- _Material to process_
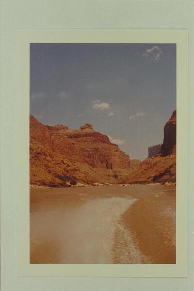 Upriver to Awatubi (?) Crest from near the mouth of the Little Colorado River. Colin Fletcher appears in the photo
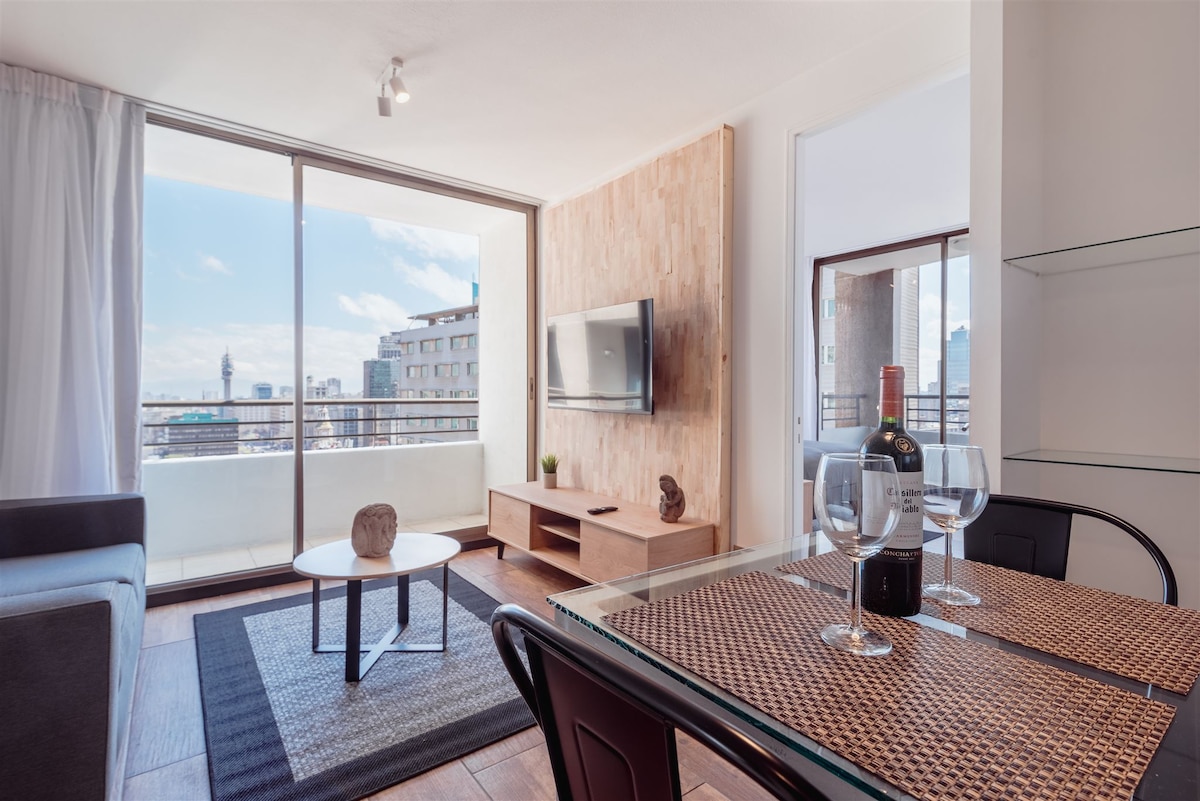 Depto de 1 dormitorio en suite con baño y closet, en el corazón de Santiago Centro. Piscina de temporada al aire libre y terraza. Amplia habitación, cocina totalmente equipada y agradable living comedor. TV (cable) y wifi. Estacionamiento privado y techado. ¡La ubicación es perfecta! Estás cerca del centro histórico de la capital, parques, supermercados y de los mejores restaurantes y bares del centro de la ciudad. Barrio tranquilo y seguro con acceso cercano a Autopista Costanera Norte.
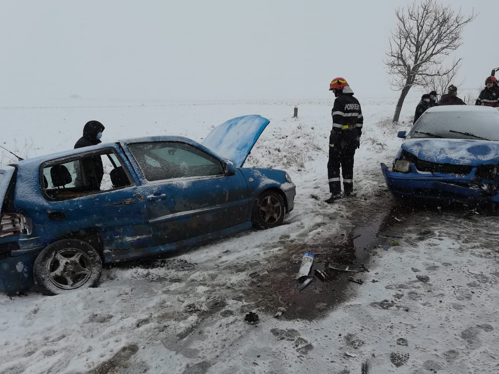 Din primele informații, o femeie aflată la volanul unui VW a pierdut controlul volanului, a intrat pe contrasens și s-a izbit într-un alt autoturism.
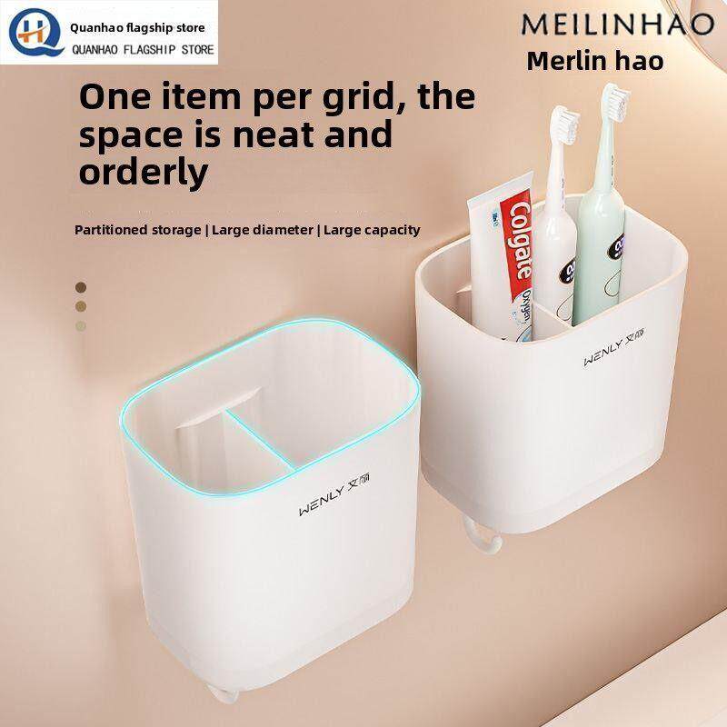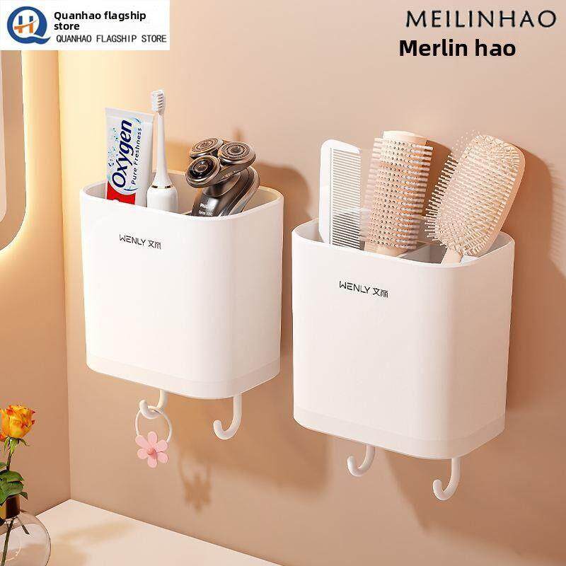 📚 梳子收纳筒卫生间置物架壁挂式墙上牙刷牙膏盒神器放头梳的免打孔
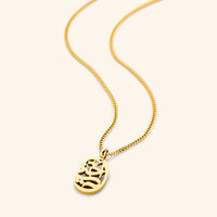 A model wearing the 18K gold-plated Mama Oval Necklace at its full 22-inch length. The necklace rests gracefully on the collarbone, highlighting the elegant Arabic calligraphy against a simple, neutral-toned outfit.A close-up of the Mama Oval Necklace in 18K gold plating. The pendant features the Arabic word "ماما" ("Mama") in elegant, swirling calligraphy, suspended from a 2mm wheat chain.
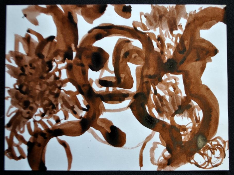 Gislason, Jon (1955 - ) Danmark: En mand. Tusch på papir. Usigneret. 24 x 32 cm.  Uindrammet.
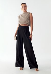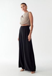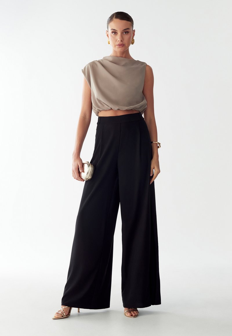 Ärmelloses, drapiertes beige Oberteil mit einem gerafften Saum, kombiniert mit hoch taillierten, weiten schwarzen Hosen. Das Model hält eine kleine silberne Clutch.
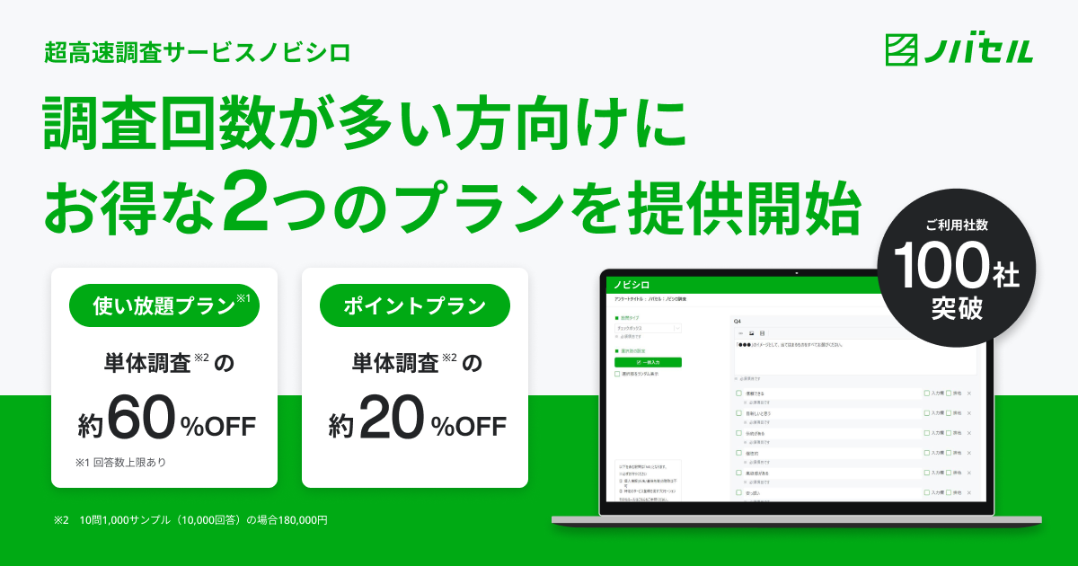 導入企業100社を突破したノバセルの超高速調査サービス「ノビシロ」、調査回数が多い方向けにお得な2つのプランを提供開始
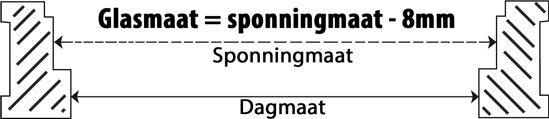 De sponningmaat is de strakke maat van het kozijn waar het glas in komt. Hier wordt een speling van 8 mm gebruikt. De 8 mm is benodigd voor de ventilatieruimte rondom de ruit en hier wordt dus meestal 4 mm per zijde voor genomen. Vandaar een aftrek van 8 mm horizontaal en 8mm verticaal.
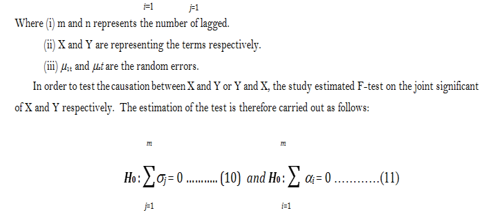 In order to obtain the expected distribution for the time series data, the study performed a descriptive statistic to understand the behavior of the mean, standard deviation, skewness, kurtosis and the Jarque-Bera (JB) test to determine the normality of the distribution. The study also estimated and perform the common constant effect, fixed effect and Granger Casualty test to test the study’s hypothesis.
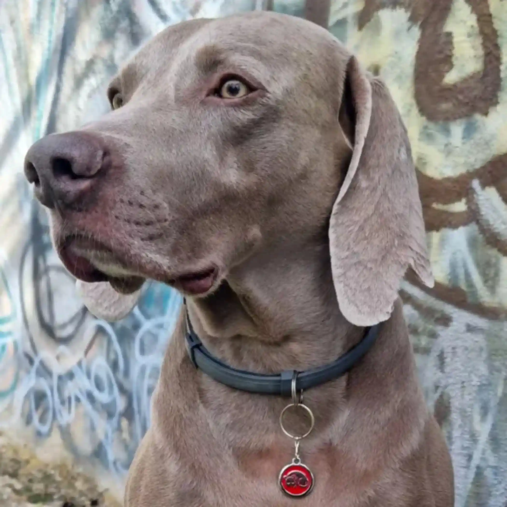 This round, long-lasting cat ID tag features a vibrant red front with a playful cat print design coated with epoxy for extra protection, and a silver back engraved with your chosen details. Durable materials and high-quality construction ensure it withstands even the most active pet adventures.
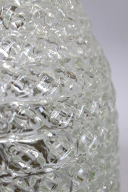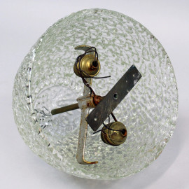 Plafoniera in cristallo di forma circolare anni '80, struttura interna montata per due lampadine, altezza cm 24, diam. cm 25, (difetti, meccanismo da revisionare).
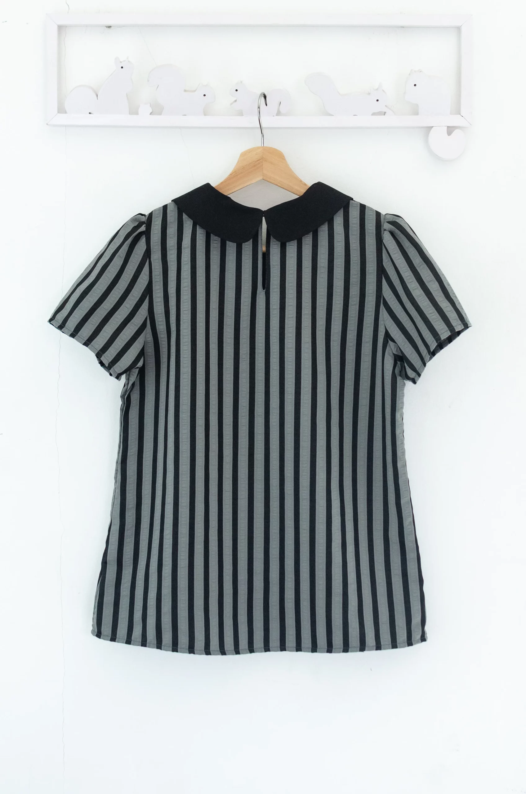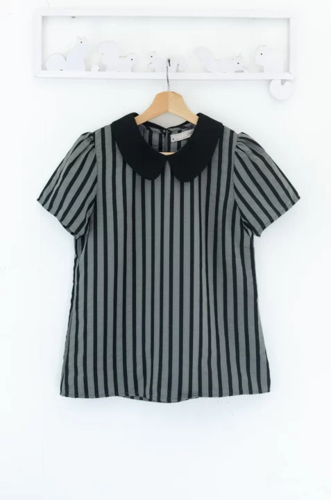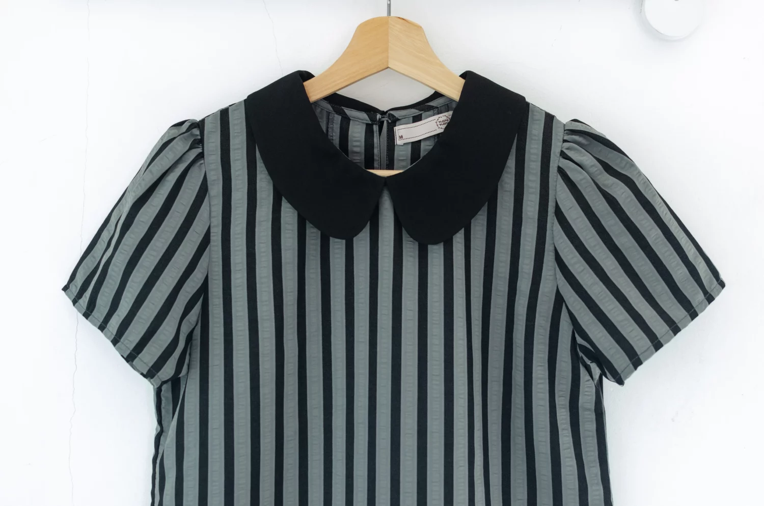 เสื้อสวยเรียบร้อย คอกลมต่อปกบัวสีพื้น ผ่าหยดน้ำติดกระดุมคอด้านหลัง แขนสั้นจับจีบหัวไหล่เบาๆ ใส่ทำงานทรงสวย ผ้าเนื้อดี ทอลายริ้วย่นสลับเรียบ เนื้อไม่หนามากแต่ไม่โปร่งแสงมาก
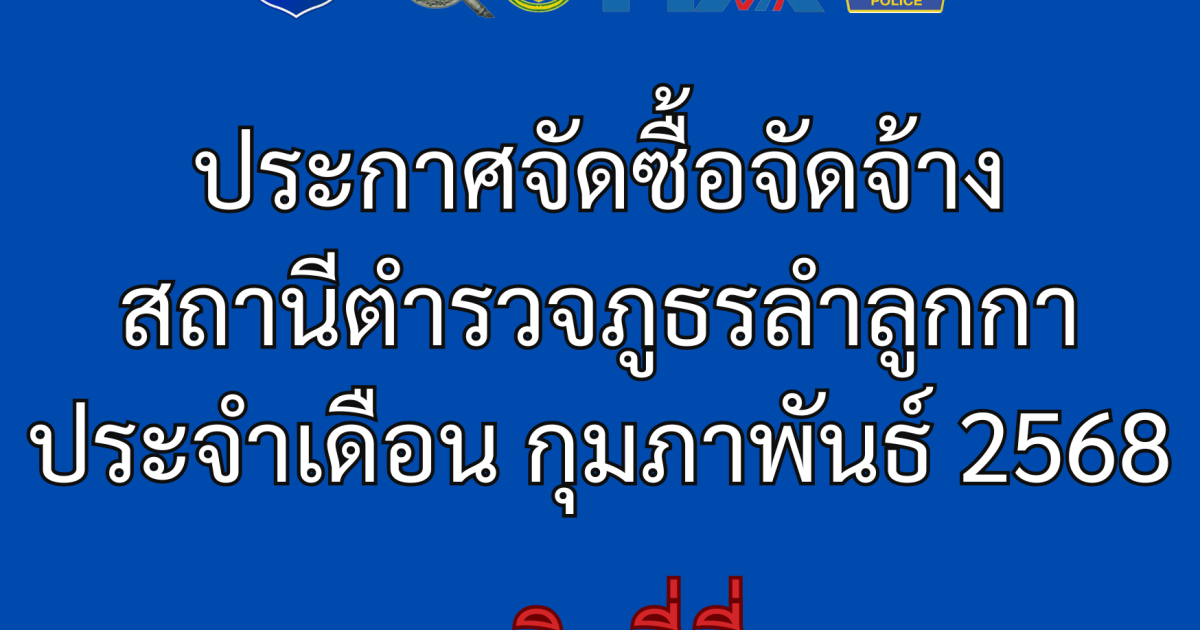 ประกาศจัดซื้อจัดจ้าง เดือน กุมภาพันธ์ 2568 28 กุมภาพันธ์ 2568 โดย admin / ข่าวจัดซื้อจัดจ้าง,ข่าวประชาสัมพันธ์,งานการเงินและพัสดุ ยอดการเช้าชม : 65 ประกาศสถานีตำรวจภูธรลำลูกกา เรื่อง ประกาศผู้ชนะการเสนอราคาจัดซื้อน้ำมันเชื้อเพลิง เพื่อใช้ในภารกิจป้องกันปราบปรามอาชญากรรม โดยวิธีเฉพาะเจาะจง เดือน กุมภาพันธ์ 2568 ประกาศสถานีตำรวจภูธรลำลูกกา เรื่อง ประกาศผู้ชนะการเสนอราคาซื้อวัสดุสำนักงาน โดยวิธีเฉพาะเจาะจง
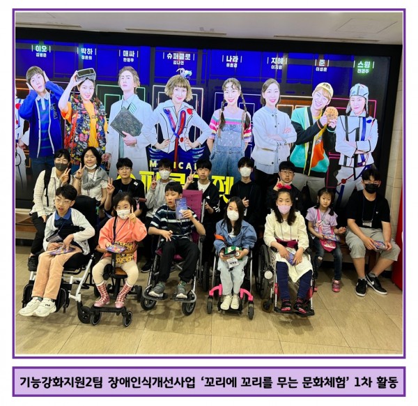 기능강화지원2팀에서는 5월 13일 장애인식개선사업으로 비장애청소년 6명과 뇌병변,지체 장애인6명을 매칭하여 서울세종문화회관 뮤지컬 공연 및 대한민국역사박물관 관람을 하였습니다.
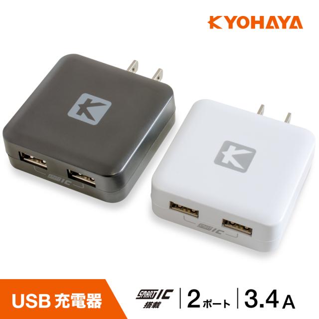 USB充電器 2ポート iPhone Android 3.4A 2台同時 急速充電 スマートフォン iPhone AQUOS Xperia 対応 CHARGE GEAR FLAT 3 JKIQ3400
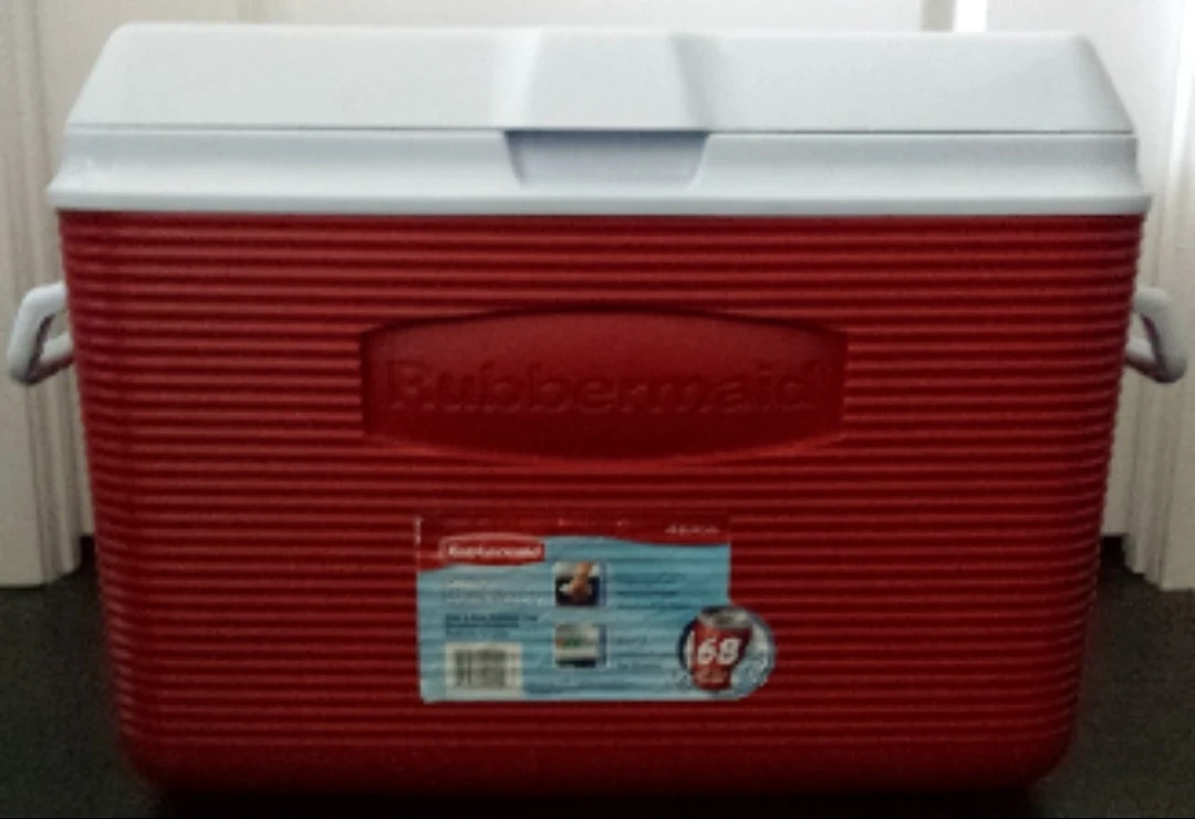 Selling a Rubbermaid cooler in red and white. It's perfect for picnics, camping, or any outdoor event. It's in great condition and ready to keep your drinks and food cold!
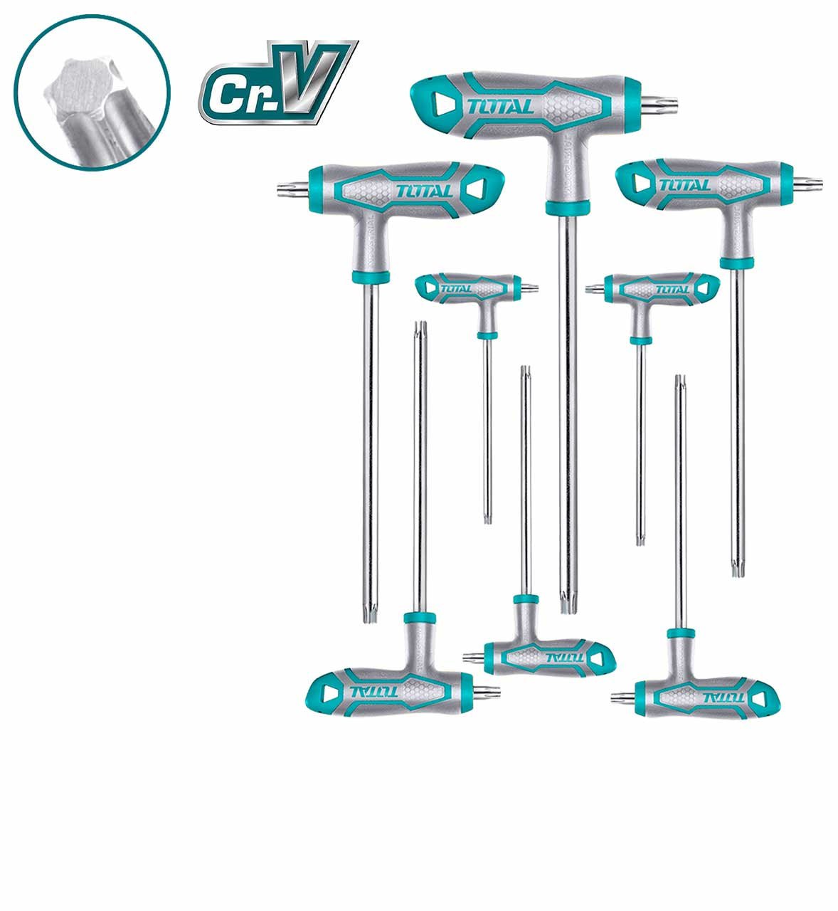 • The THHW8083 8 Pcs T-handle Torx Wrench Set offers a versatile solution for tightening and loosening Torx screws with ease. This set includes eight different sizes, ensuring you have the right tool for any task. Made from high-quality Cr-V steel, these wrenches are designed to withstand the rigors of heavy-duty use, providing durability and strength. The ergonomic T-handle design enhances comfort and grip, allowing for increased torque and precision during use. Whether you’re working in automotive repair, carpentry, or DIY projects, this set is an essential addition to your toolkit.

- _Task statement_
Emit the lines of the material exactly, from its first line to the line containing "Depto de 1 dormitorio", inclusive; leave every picture out.

- _Result of the task_
 Upriver to Awatubi (?) Crest from near the mouth of the Little Colorado River. Colin Fletcher appears in the photo
 Depto de 1 dormitorio en suite con baño y closet, en el corazón de Santiago Centro. Piscina de temporada al aire libre y terraza. Amplia habitación, cocina totalmente equipada y agradable living comedor. TV (cable) y wifi. Estacionamiento privado y techado. ¡La ubicación es perfecta! Estás cerca del centro histórico de la capital, parques, supermercados y de los mejores restaurantes y bares del centro de la ciudad. Barrio tranquilo y seguro con acceso cercano a Autopista Costanera Norte.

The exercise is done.